*Task objective:*
Repeat each line of the data below exactly, but skip the pictures.

*Recorded data:*
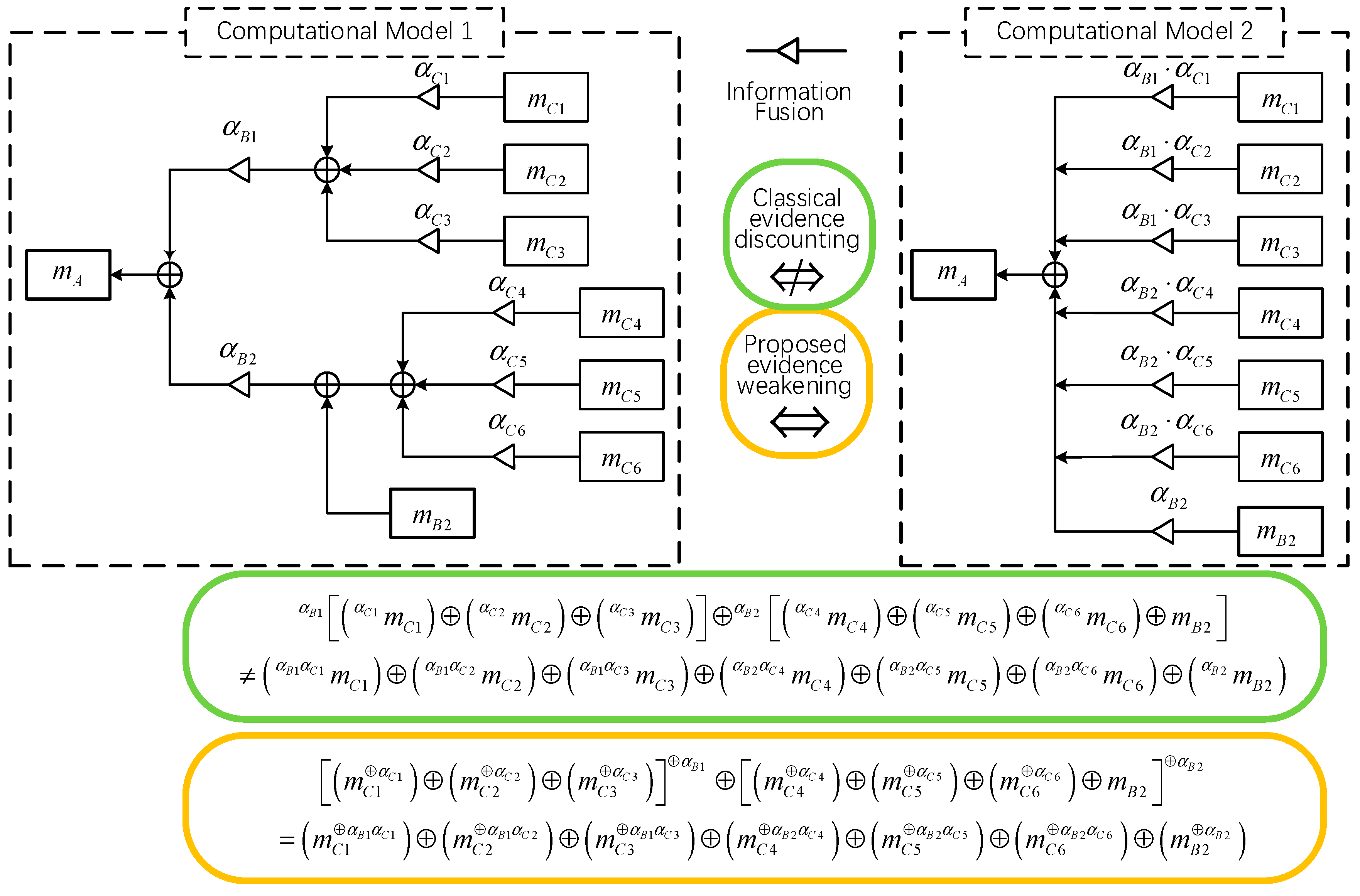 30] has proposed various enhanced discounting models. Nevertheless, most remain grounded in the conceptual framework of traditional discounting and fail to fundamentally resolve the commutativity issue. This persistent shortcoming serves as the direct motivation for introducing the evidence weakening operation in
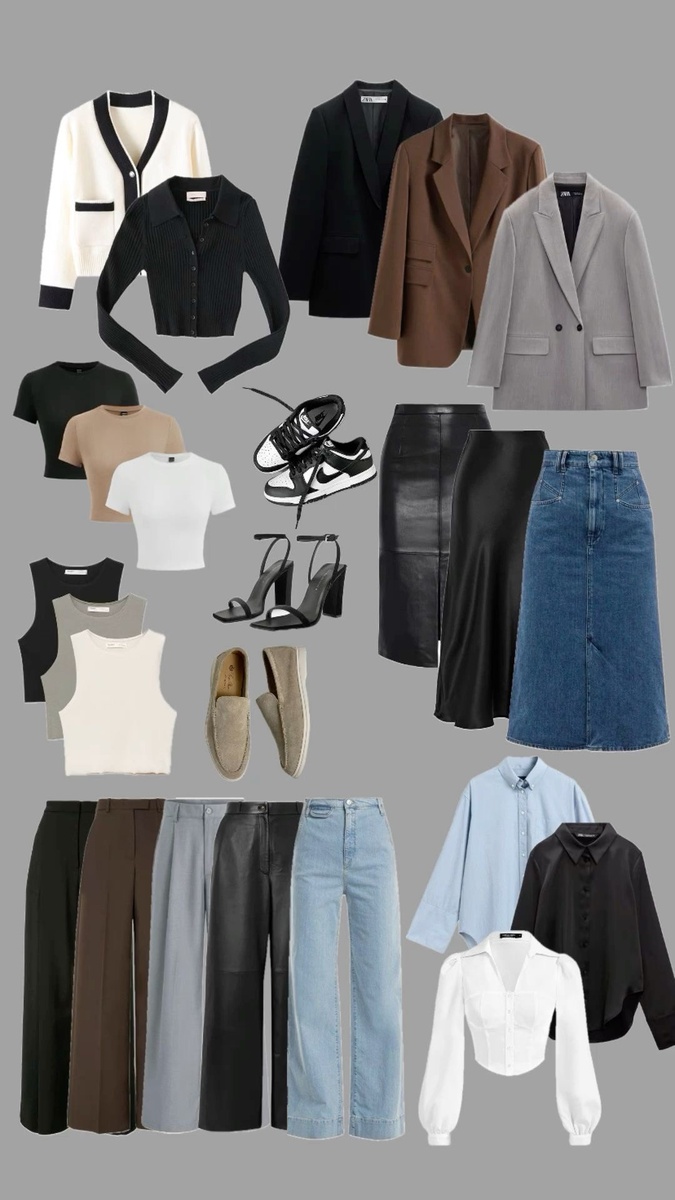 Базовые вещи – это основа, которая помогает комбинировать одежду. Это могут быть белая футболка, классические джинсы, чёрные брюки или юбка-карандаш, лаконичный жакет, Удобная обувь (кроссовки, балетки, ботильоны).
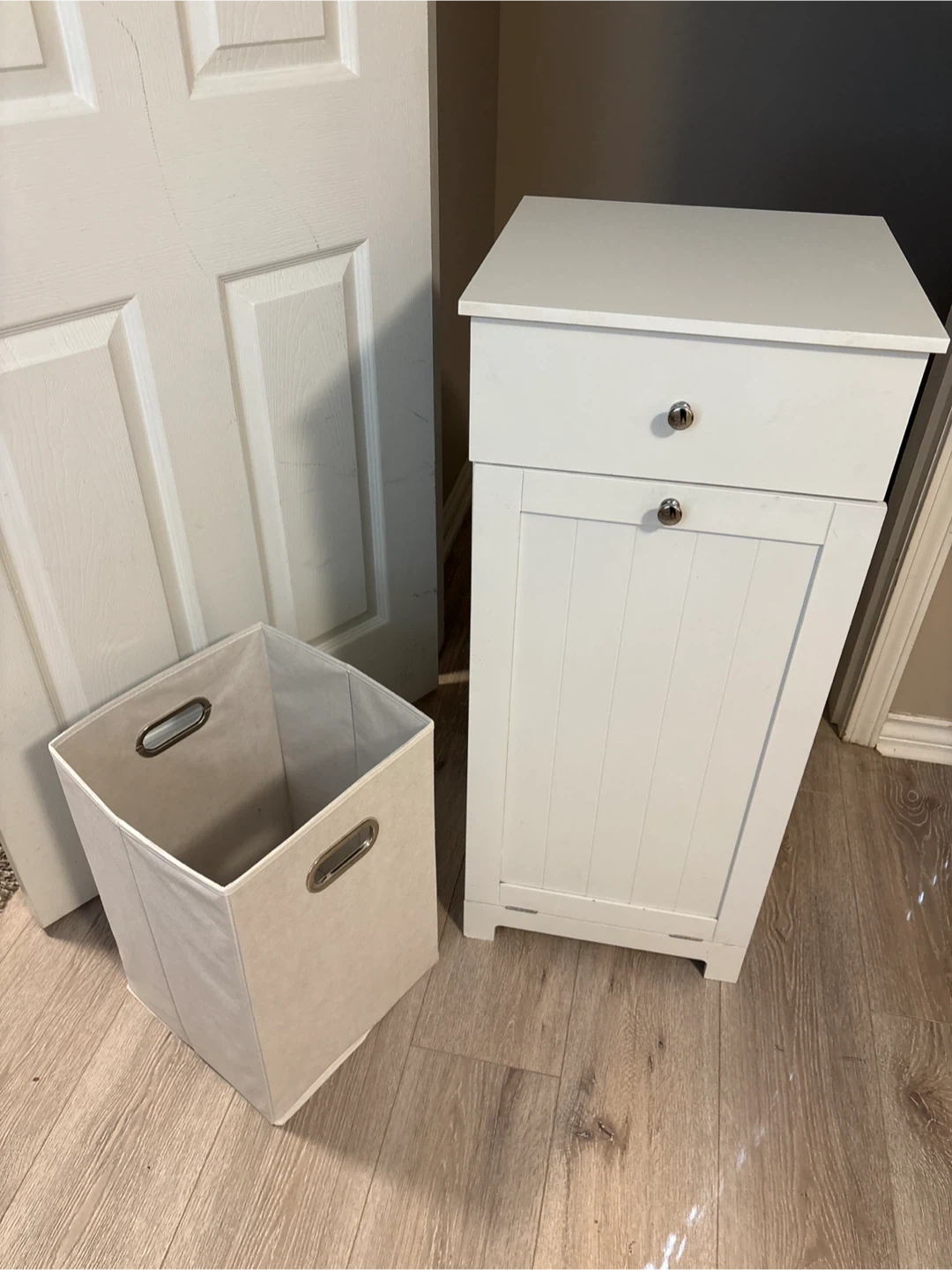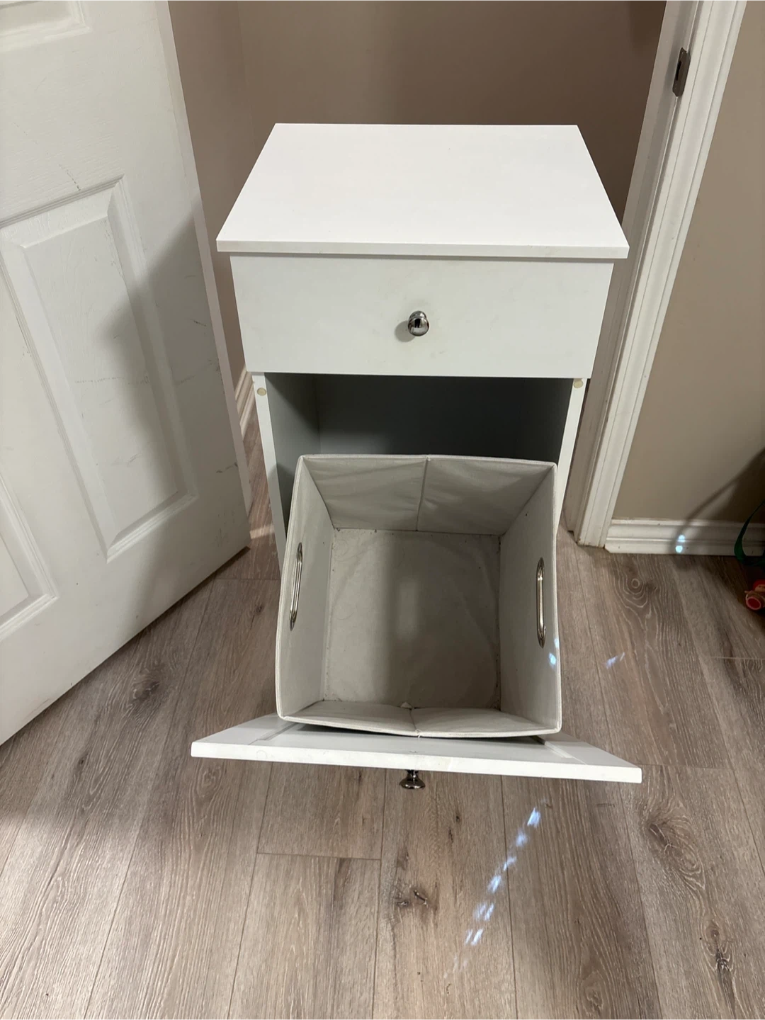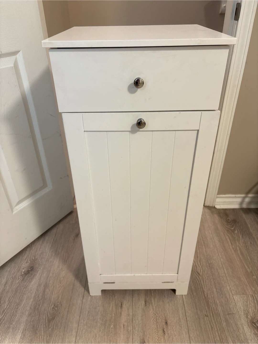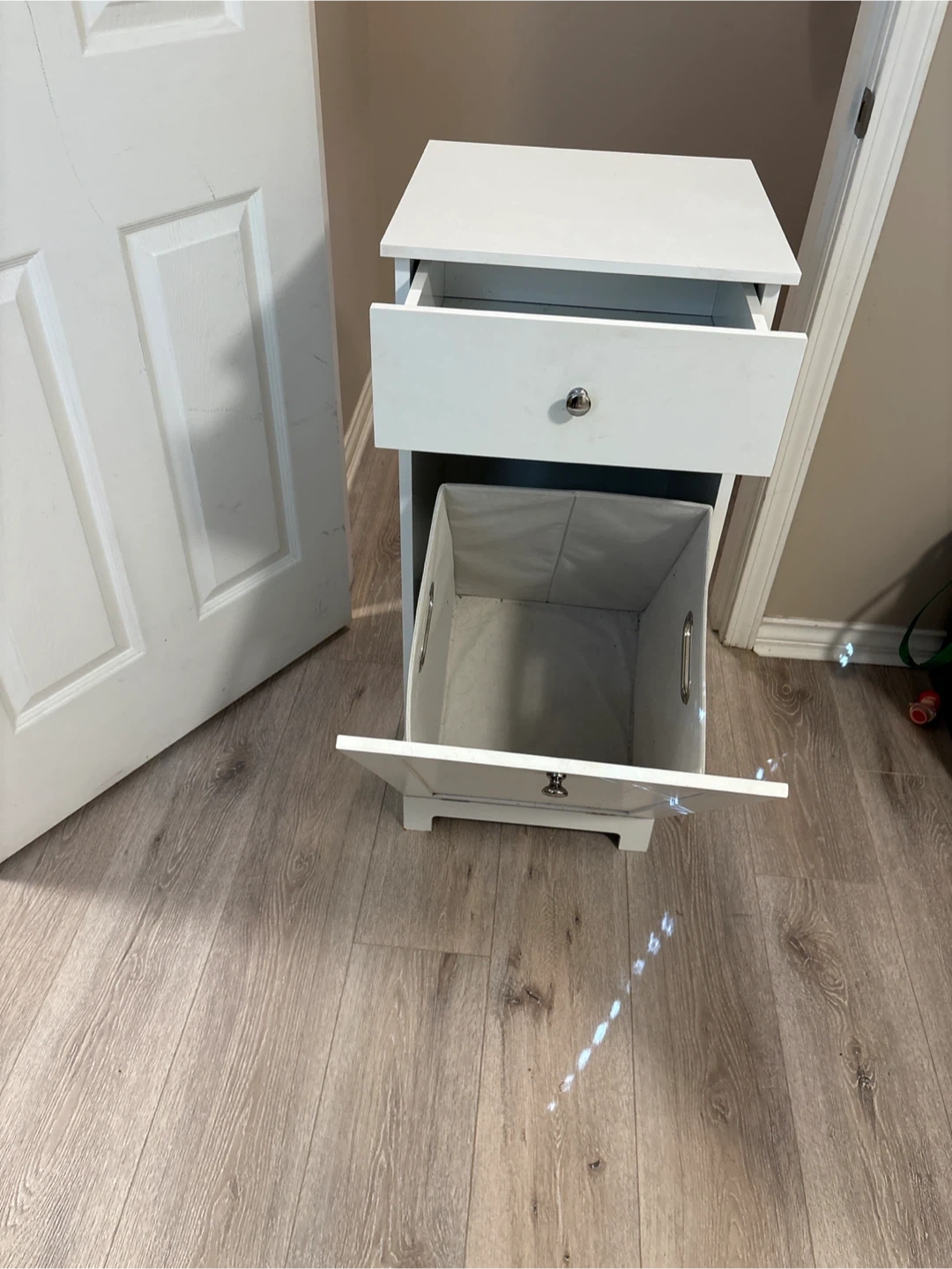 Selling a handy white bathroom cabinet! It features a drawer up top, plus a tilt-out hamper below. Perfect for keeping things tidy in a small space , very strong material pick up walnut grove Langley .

*Answer space:*
 30] has proposed various enhanced discounting models. Nevertheless, most remain grounded in the conceptual framework of traditional discounting and fail to fundamentally resolve the commutativity issue. This persistent shortcoming serves as the direct motivation for introducing the evidence weakening operation in
 Базовые вещи – это основа, которая помогает комбинировать одежду. Это могут быть белая футболка, классические джинсы, чёрные брюки или юбка-карандаш, лаконичный жакет, Удобная обувь (кроссовки, балетки, ботильоны).
 Selling a handy white bathroom cabinet! It features a drawer up top, plus a tilt-out hamper below. Perfect for keeping things tidy in a small space , very strong material pick up walnut grove Langley .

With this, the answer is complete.